Monday, December 19, 2016

Understanding Interstate Trade Patterns

Understanding Interstate Trade Patterns


One sentence summary: Interstate elasticity measures that are essential for any policy analysis within the U.S. are identified by combining state-level trade and production data.

The corresponding paper by Hakan Yilmazkuday has been published at Journal of International Economics.


Abstract
This paper models and estimates bilateral trade patterns of U.S. states in a CES framework and identifies the elasticity of substitution across goods, the elasticities of substitution across varieties of each good, and the good-specific elasticities of distance by using markup values obtained from the production side. Compared to the international trade literature, the elasticity of substitution estimates are lower across both goods and varieties, while the elasticity of distance estimates are higher. Although home-bias effects at the state level are significant, there is evidence for decreasing effects over time.


Non-technical Summary
The elasticity of substitution and the elasticity of distance are two key parameters used by policy makers to derive quantitative results in international or intranational trade, because the effects of a policy change are evaluated by converting policy changes into price effects through these parameters. Therefore, there is no question that the measurement of these parameters is of fundamental importance in economic modeling where they connect quantities to prices. In empirical trade studies, especially the famous and successful gravity models, usual subproducts of an empirical analysis are some measures of these elasticities; however, in a typical gravity model estimation, one cannot identify the elasticity of substitution (across goods and/or varieties) and the elasticity of distance at the same time. This paper proposes a new approach by considering markups in the production side to estimate the elasticity of substitution across goods, the elasticities of substitution across varieties of each good, and the good-specific elasticities of distance, all identified in the empirical analysis.

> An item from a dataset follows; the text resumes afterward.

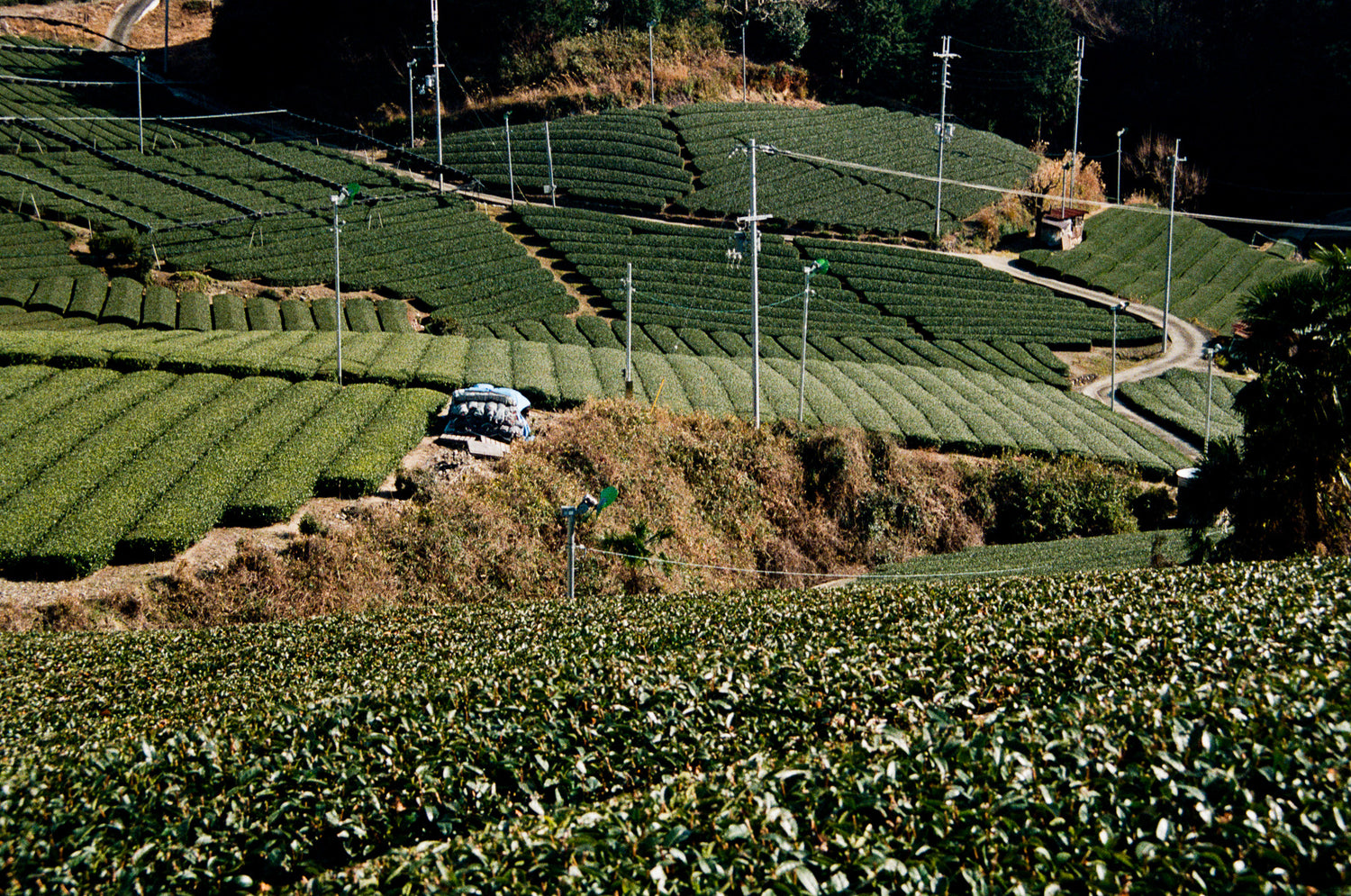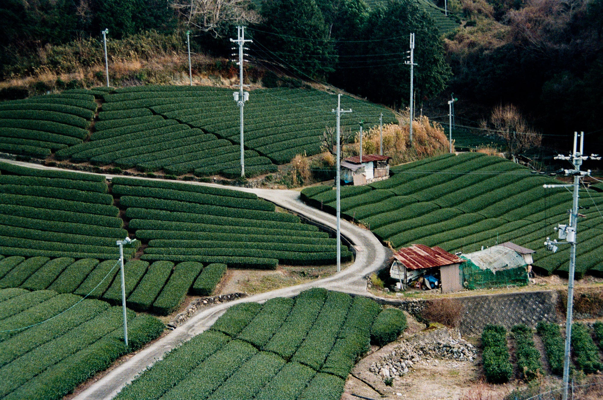 Later, Hisamitsu led us to an overlook perched above the terraced hills. From there, the geometry of the landscape became unmistakable—perfect rows carved into slopes that seemed almost too steep to stand on. He explained how each angle was deliberate, designed to optimize sunlight and airflow while protecting the plants from heavy rains. Farmers had shaped and reshaped these hills for centuries, not through force but through collaboration with the land. It was humbling to realize that every cup of matcha begins with thousands of such quiet decisions, made long before the leaves ever reach a millstone.

A monopolistic-competition model consisting of a finite number of regions and a finite number of goods is employed in a constant elasticity of substitution (CES) framework. Each region consumes all varieties of each good, while it produces only one variety of each good. On the consumer side, as is standard in a CES framework, bilateral trade of a variety of a good across any two regions depends on the relative price of the variety and total demand of the good in the destination (importer) region. Similarly, total imports of a good in a region depends on the relative price of the good and total demand of all goods in the region. On the production side, having market power in the production of a variety of each good results in positive markups in each region. In equilibrium, markups at the good level are connected to the elasticities of substitution across varieties of each good.

We show that the simple CES framework is sufficient to estimate/calculate all structural parameters in the model when trade, distance, and markup measures are known. The estimated parameters correspond to:
  • the elasticity of substitution across varieties of each good; 
  • the elasticity of substitution across goods; 
  • the good-specific elasticities of distance, which govern good-specific trade costs; 
  • the heterogeneity of individual tastes, measuring geographic barriers and the so-called home-bias.

The key innovation is to bring in additional data for markups at the good level and use them to aid in identification of all types of elasticities mentioned above. The chain of logic is as follows:
  1. Elasticities of substitution across varieties of each good are estimated by markup data. 
  2. Elasticities of distance at the good level are identified through combining markups and bilateral trade estimates. 
  3. In each region, source prices of each variety (of each good) are calculated using markup data and source fixed effects obtained by the bilateral trade estimation. 
  4. For each destination, composite price indices and total imports are calculated at the good level. 
  5. The elasticity of substitution across goods is estimated using the calculated composite price indices and total imports.

The empirical results show that
  • the elasticity of substitution across varieties is about 3.01 on average across goods
  • the elasticity of distance is about 0.45 on average across goods
  • the elasticity of substitution across goods is about 1.09

Compared to the existing literature, the elasticity of substitution estimates are lower, and the elasticity of distance measures (thus, trade costs) are higher in this paper. The lower elasticity of substitution and the higher elasticity of distance measures in this paper likely arise through considering information from the production side that the demand-driven gravity models are unable to account for.

Besides providing identification solutions, this paper also investigates home-bias effects and shows that they are significant at the U.S. state level. Considering historical home-bias measures from earlier studies (that use data from 1993 and 1997), it is implied that home-bias effects are decreasing through time. Nevertheless, when home-bias effects are compared across goods and across states, they are significantly dispersed; much remains to be learned from such dispersion.